WORK ITEM: Quote the lines of the data below verbatim, beginning at the line that contains "This stunning carved" and ending at the last line, both included, and excluding pictures.

DATA FOR THE TASK:
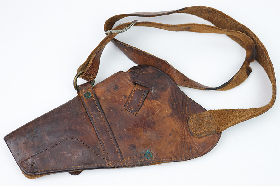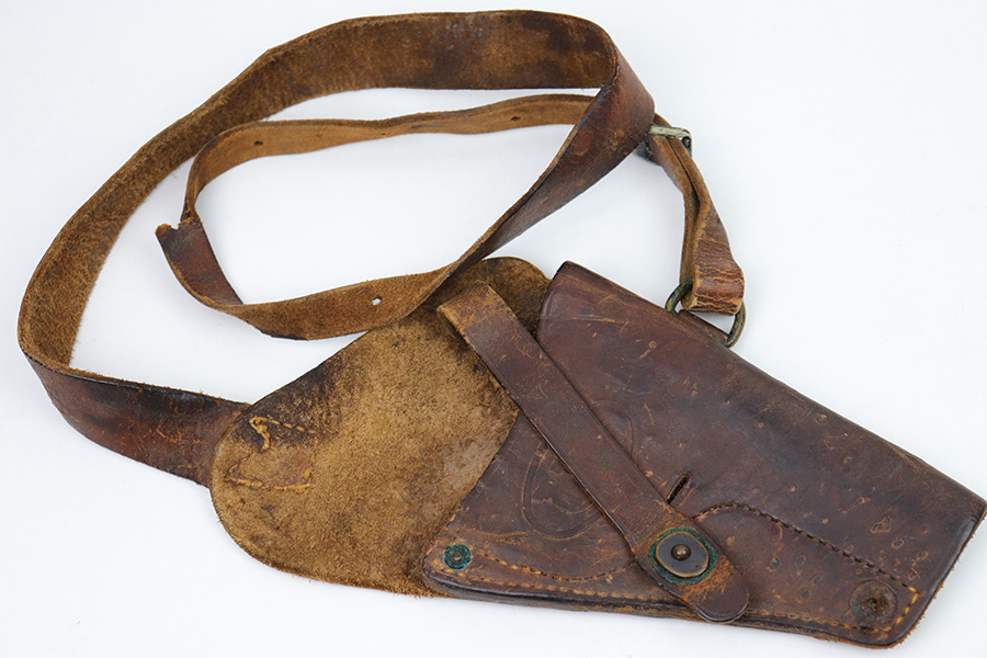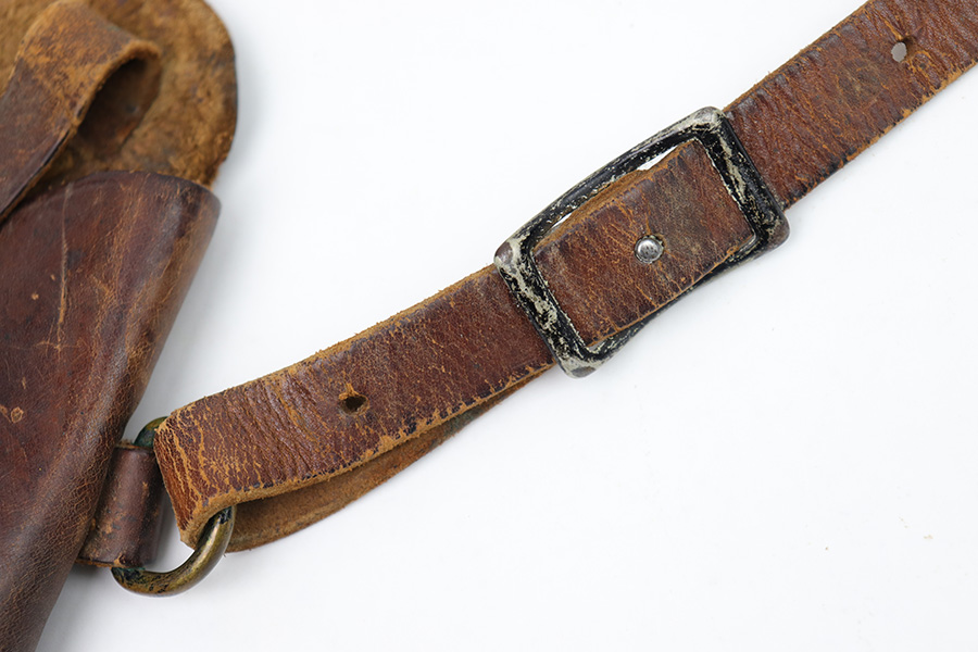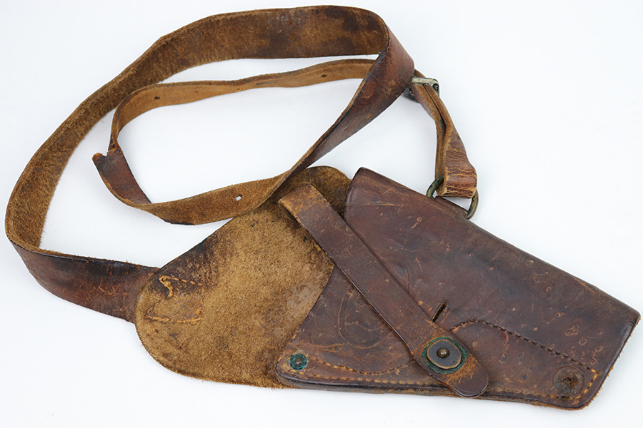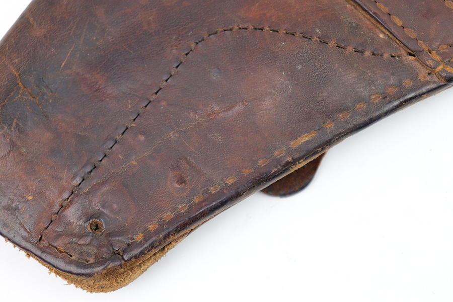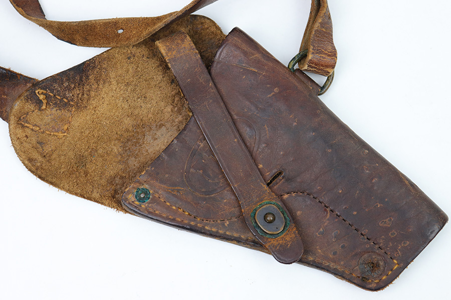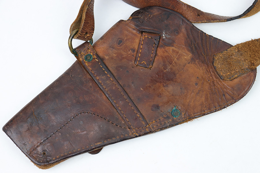 1/23/23 – This is an original 1943 dated USN issued shoulder holster. The holster is maker stamped on the back leather, USN BOYT 43. The front leather is US stamped, and there are no other markings. The holster shows surface wrinkling throughout the exterior as well as some spotty discoloration. The rivet in the bottom corner of the holster is missing. The interior line of stitching near the toe of this holster is also missing, which gives the holster a wider opening towards the bottom, which allows a variety of models to fit this holster. The leather shoulder strap has some surface cracking, wrinkling, and a small rip in the leather near the adjustment holes at the end of the strap. This doesn’t affect functionality however, and the strap is still completely intact.
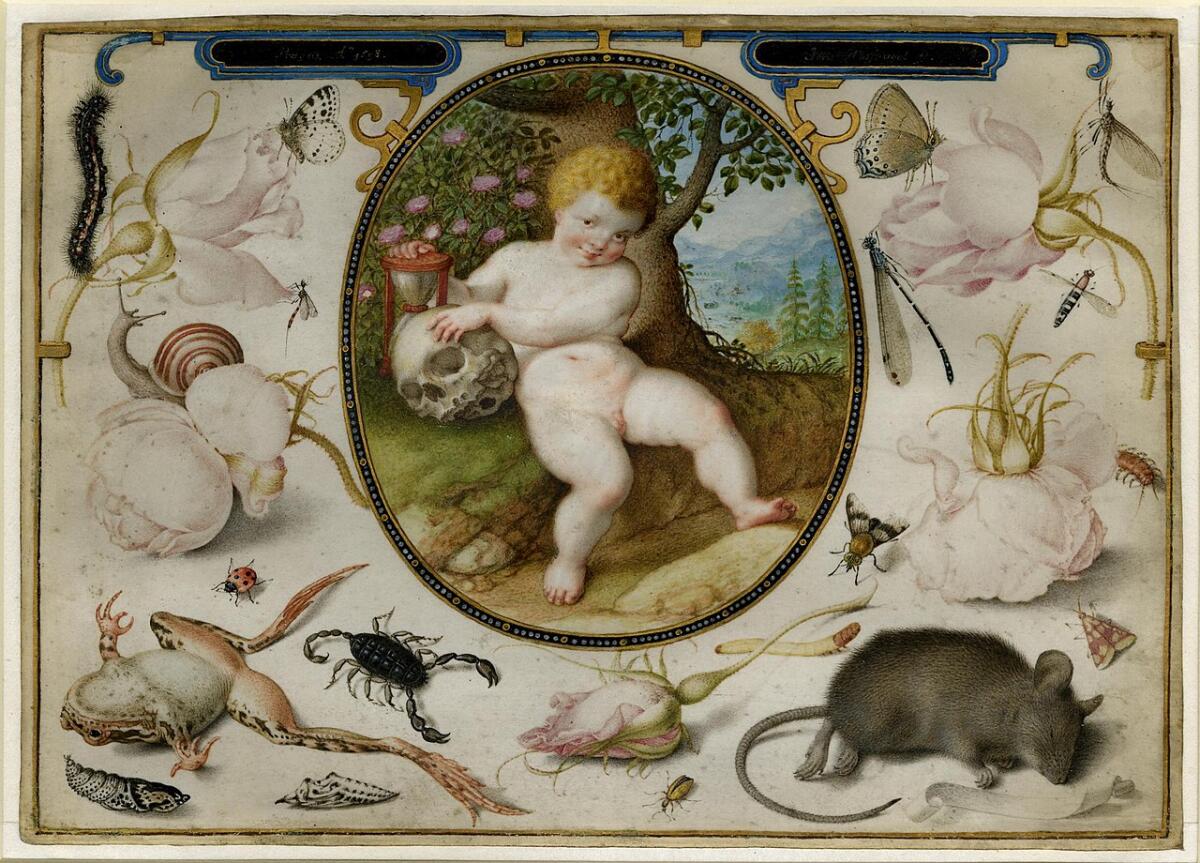 Мышей в голландских натюрмортах можно было видеть неоднократно — в картинах Флегеля, Яна Брейгеля Старшего, Саверея, Фосмаера. И был еще один предшественник этой картины — иллюстрированная рукопись знаменитого антверпенского художника Йориса Хёфнагеля, превосходного рисовальщика, рукой которого были зарисованы множество цветов, трав, насекомых и мелких животных. Эти рисунки сопровождались латинскими девизами и афоризмами. А девизы и афоризмы художник черпал из «Пословиц» Эразма Роттердамского с кружевами древней мудрости, которые многократно переиздавались (в начальном издании было 818 пословиц, в последнем прижизненном издании — 4151 пословица).
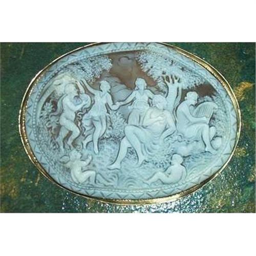 This stunning carved cameo measures aproximately 4 1/2 inches by 2 1/2 inches. The carving is beautiful. A garden scene with muses and cupids and goat men dancing under the trees. The frame appears to have a 14 k hallmark.
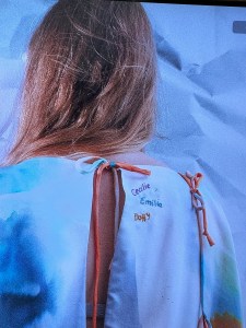 This town the women would embroider their names on clothes before they turned them in to the thrift shop. So he put that on the back of their dress
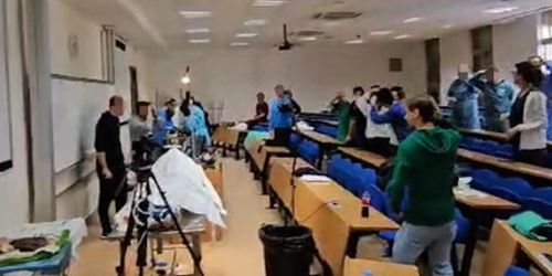 Il video realizzato nella pausa di un’esercitazione anatomica a Malta. Fnomceo: «Disdicevole»
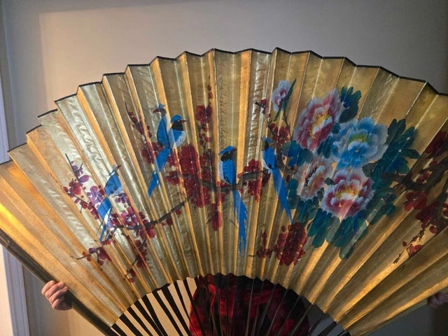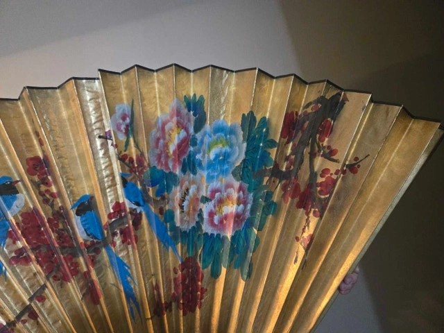 Beautiful large Asian wall art fan with a shiny gold background, featuring pretty blue birds and colorful flowers. A great piece for wall decor that adds a nice touch to any room. Measures 60x40. Pick up in Welland. $125 or best offer. If the ad is still up, it's still available!

EXERCISE ANSWER:
 This stunning carved cameo measures aproximately 4 1/2 inches by 2 1/2 inches. The carving is beautiful. A garden scene with muses and cupids and goat men dancing under the trees. The frame appears to have a 14 k hallmark.
 This town the women would embroider their names on clothes before they turned them in to the thrift shop. So he put that on the back of their dress
 Il video realizzato nella pausa di un’esercitazione anatomica a Malta. Fnomceo: «Disdicevole»
 Beautiful large Asian wall art fan with a shiny gold background, featuring pretty blue birds and colorful flowers. A great piece for wall decor that adds a nice touch to any room. Measures 60x40. Pick up in Welland. $125 or best offer. If the ad is still up, it's still available!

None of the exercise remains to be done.